Raniere

Personal information
- Full name: Raniere Silva dos Santos
- Date of birth: 16 August 1980 (age 45)
- Place of birth: Itanhém, Brazil
- Height: 1.89 m (6 ft 2+1⁄2 in)
- Position: Goalkeeper

Team information
- Current team: Blue Boys Muhlenbach

Senior career*
- Years: Team / Apps / (Gls)
- 2001–2002: América (MG) / 8 / (0)
- ?
- 2004–2005: Sampaio Corrêa / ? / (?)
- 2005–2006: América (RN) / 1 / (0)
- 2007: CRB / NA / (NA)
- 2007–2009: ABC / 49 / (0)
- 2010–2011: Ipatinga / 1 / (0)
- 2011–2012: Nacional (MG)
- 2013: Sampaio Corrêa / 0 / (0)
- 2014: Maranhão / 11 / (0)
- 2014–2015: Moto Club / 19 / (0)
- 2015: Imperatriz / 8 / (0)
- 2016–2017: Maranhão / 5 / (0)
- 2017–: Blue Boys Muhlenbach

International career
- 1997: Brazil U17

= Raniere (footballer) =

Brazilian footballer (born 1980)

Raniere Silva dos Santos (born 16 August 1980) is a Brazilian footballer who plays as a goalkeeper for Blue Boys Muhlenbach.

==Club career==
Born in Itanhém, Bahia, Raniere started his career with Minas Gerais side América de Belo Horizonte, which he played 8 matches in 2001 Campeonato Brasileiro Série A and 2 matches in 2002 Copa do Brasil.

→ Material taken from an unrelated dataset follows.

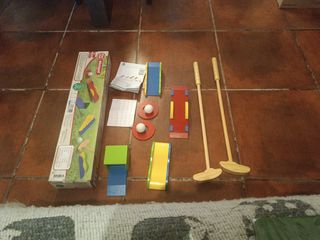 Vendo juego de minigolf de lidl de madera en perfecto estado excepto los palos que están un poco gastados por abajo (foto). Incluye 2 palos de golf, 2 bolas, caja, manual, hojas para anotar resultados, y todos los accesorios.

In 2004, he left for Sampaio Corrêa for Taça Cidade de São Luís, 2004 Copa do Brasil, 2004 Campeonato Brasileiro Série C and Campeonato Maranhense.

Raniere extended his contract with Sampaio Corrêa in January 2005 for another year. He played for the club at 2005 Copa do Brasil in national level.

===América de Natal===
In June 2005 he left for América de Natal for 2005 Campeonato Brasileiro Série C. That season he was the backup of Fabiano and the team finished as Série C runner and promoted.

In January 2006, he signed a 1-year extension with América de Natal for Campeonato Potiguar and 2006 Campeonato Brasileiro Série B. He played once in round 5 (5 September 2006) as the captain Fabiano played almost all the season.

===CRB===
In January 2007, he signed an annual contract with Alagoas side CRB. He left the club before the start of 2007 Campeonato Brasileiro Série B and at the middle of 2007 Campeonato Alagoano.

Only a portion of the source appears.